Anapana in the ancient Pali language means observing the natural incoming, outgoing breath – as it is. This non-sectarian technique is a purely natural exercise to gain mastery of one’s own mind. Anapana involves no rites, rituals nor links to any sectarian dogma. Observing the natural breath, as it is, is acceptable to all, to anyone from any religion.

With Anapana, children experience how the natural breath is connected to state of mind. For instance, when angry we notice how the breath becomes hard, irregular; when calm, the breath is subtle, soft. With Anapana practice daily, children increase their self-awareness, respond more maturely to situations. They gain mastery over the mind, and train it to be in reality of the present moment – instead of continually wandering in the past and future. The natural breath becomes the child’s best friend in need.

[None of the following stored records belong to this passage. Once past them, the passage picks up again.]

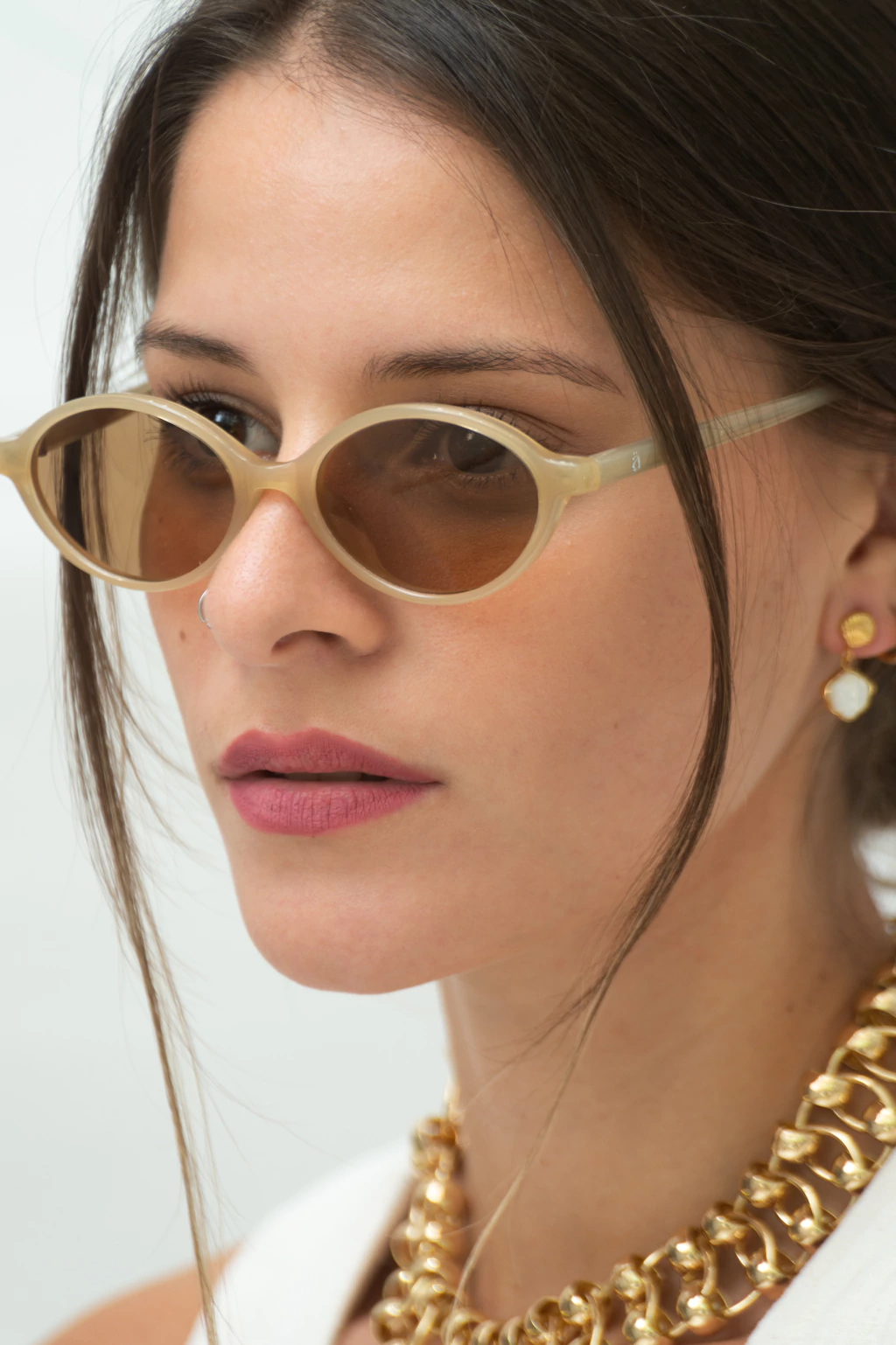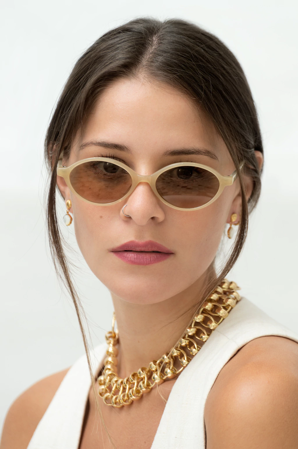 Lentes de diseño confeccionados exclusivamente para nuestra marca, con logo metalizado grabado en cada lateral, morfológia redondéada con patas finas.
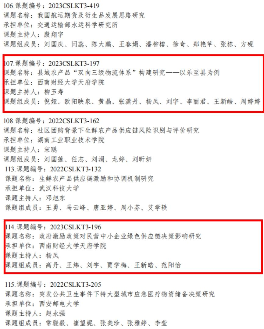 中国物流学会、中国物流与采购联合会研究课题以拓展行业研究平台、提升物流、采购与供应链研究水平为主旨,按照创新、协调、绿色、开放、共享的发展理念,根据供给侧结构性改革、物流业高质量发展需要持续开展项目研究。现代服务管理学院教师积极参与课题申报,围绕行业发展的重点、难点、热点问题进行研究,为政府决策、行业发展、企业创新提供参考和服务。
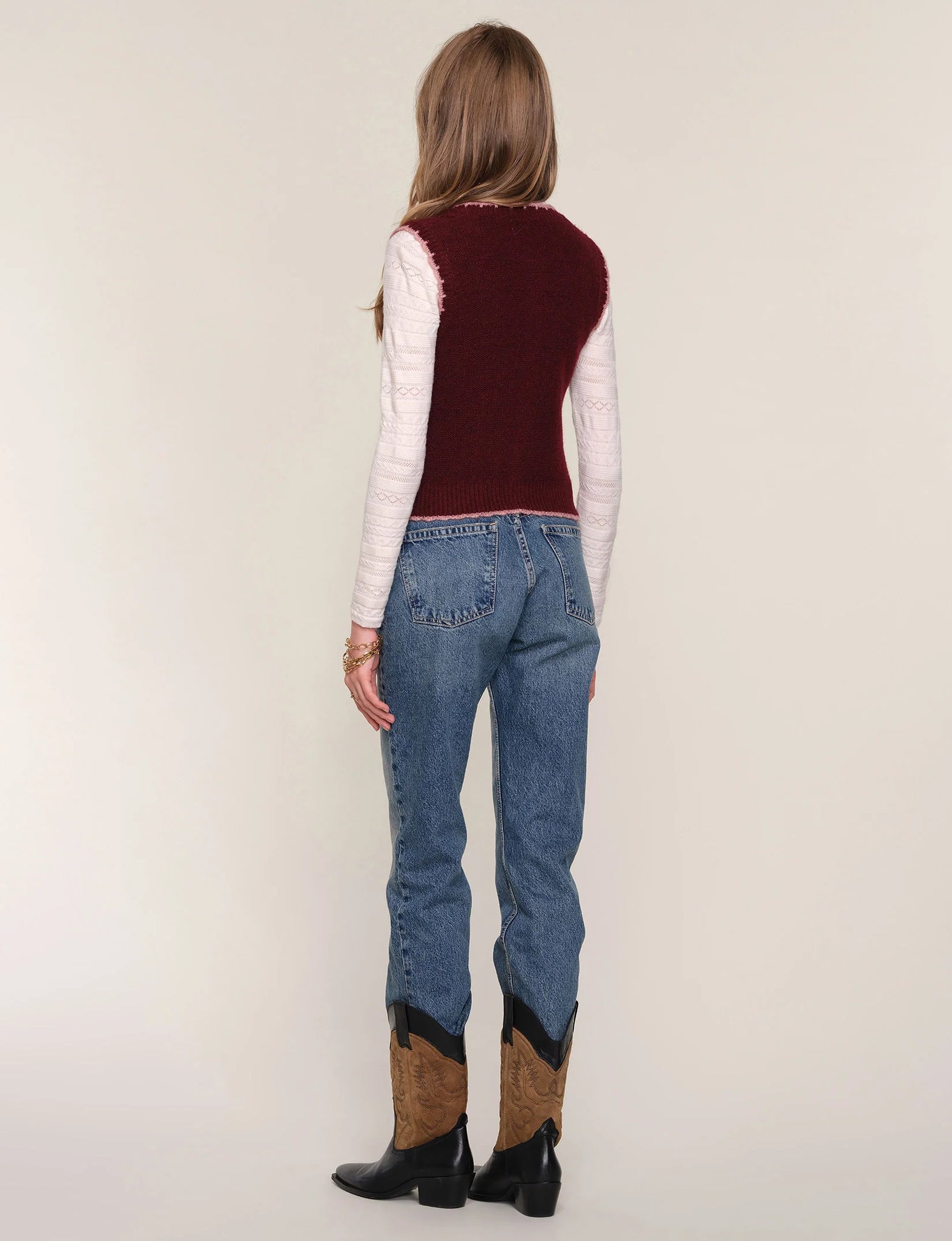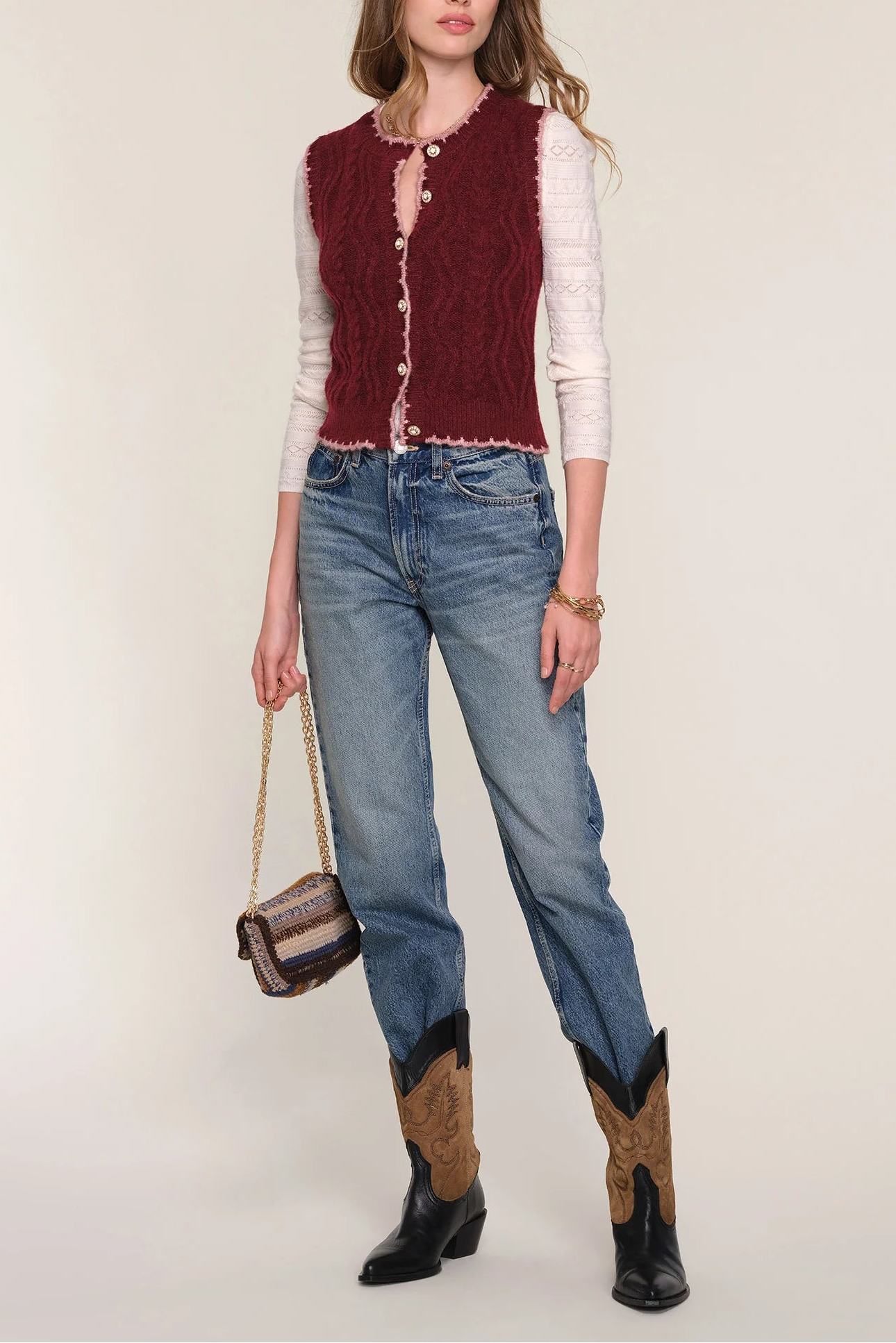 The Turner Vest is a super soft, cable stitch vest. It features a crew neck, and relaxed fit. It has a pretty, contrast tipped edge and novelty buttons.
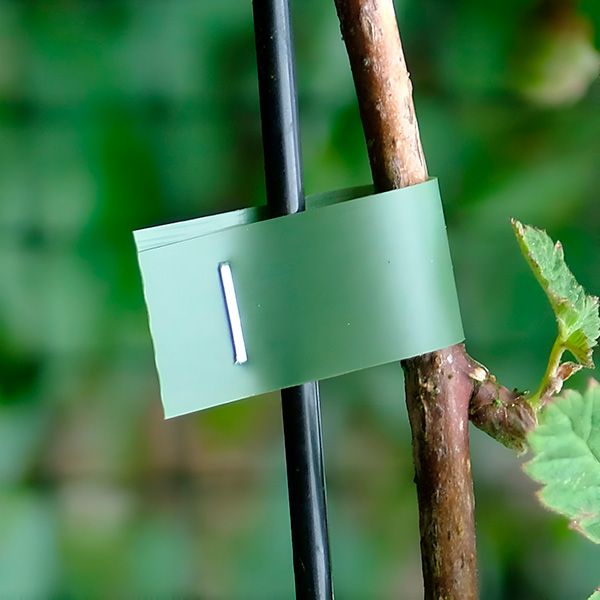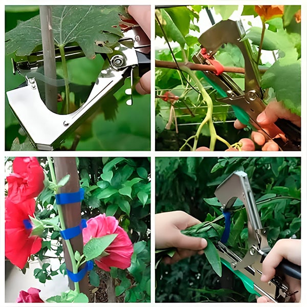Preprosto potisnemo ročaj, da se trak raztegne med kleščami. Trak nato ovijemo okoli rastline, ki jo želimo vezati. S ponovnim potiskom ročaja trak spnemo in odrežemo. Zelo enostavno! – brez skrbi, da bi ta proces poškodoval vaše rastline ali jim povzročil bolečino, saj trak in spenjač zagotavljata nežen, a trden oprijem.

Renowned schools in India like Don Bosco, Egmore, in Chennai, start daily schedule with a 30-minute Moral Science class. Anapana and Vipassana (www.dhamma.org) is moral science in actual practice, giving strength of mind and wisdom to make wholesome choices in life.

Such is the priceless practical legacy from ancient India to 21st century India that is en route to being a global leader: the Vipassana necessity of pure reality to anyone striving for excellence in work, higher quality of life – and for making in India a happier future.

The writer is a senior, Mumbai-based journalist.